Long Answer: This method is used for all types of ground impedance measurements to determine a grounding system’s ability to dissipate electrical energy into the ground. Grounding systems are designed to provide safety around electrical equipment and associated structures. They are also used in lightning protection systems along with a lightning arrester to dissipate the energy from lightning strikes. The lower the resistance between the arrester system and the grounding grid/rod and the ground, the better protection it provides.
Newly installed grounding systems may have low resistance to the ground, but this may deteriorate with time due to corrosion by electrolysis and other corrosive processes in the ground. Resistance depends on corrosion of the grid/stake, breaks in connecting wires, and variations in soil such as moisture levels. Therefore, it is important to test the grounding system regularly to make sure that it still provides a safe, low resistance.

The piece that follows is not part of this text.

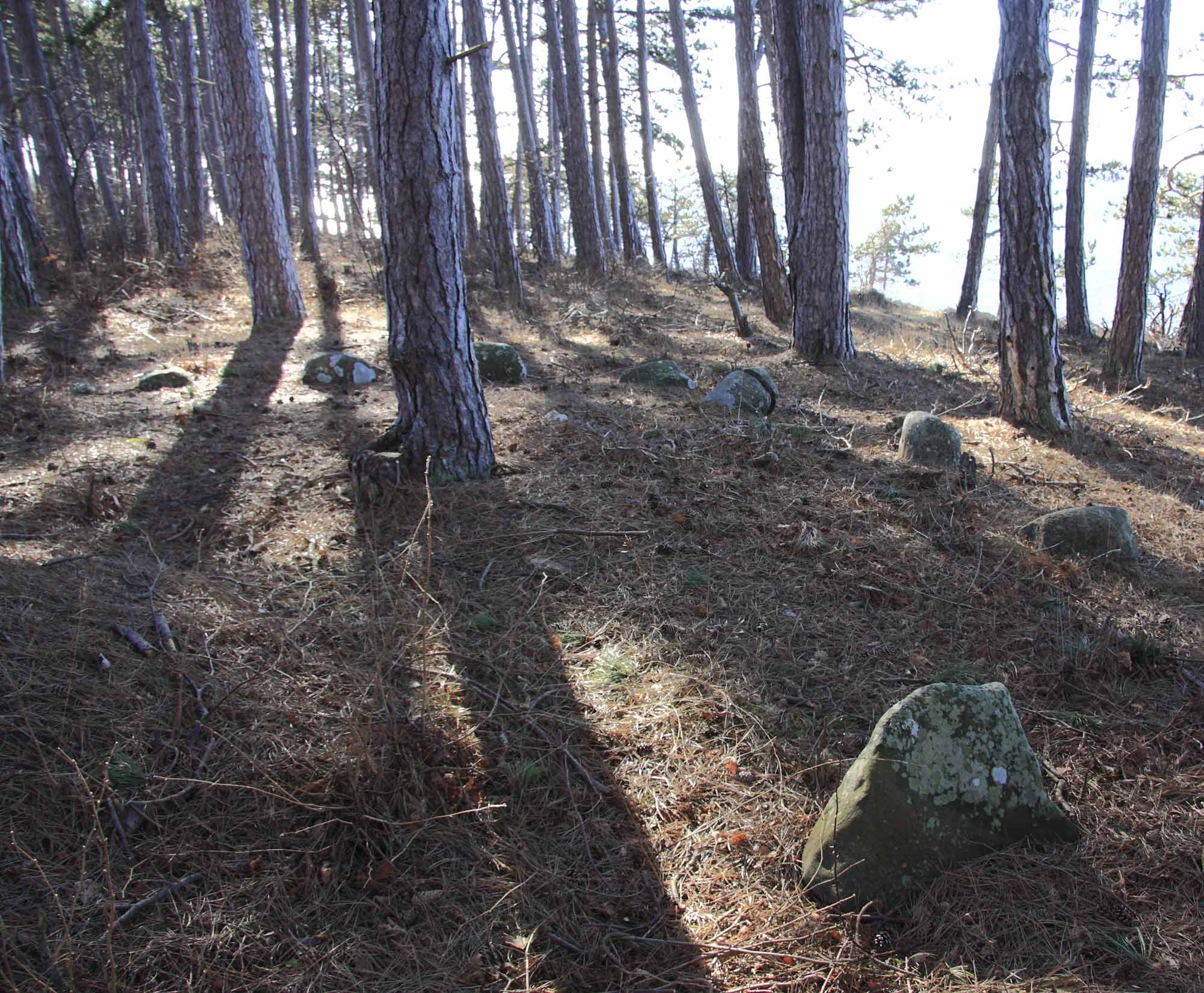 Domarring från bronsålder/järnålder, 7-8 m diameter ursprungligen sannolikt bestående av 19 klumpstenar av granit, av vilka 17 kvarstår på ett avstånd av i regel ca 1 m. Stenarna är klumpformiga, liggande eller resta.

Ground resistance is dependent on varying conditions like soil moisture, soil temperature and dissolved electrolytes, etc. Repeat measurements at different times of the year are therefore not exactly repeatable.
The grounding system should make as low resistance to the ground as possible so that in the event of an electrical short, the electrical current can flow to the ground as unobstructed as possible to be safely dissipated. All grounding systems have some ground resistance, but ideally it should be as low as possible. Typical resistance values are in the 2 - 5 Ω range for large installations, even though the National Electrical Code requires resistance to ground not to exceed 25 Ω.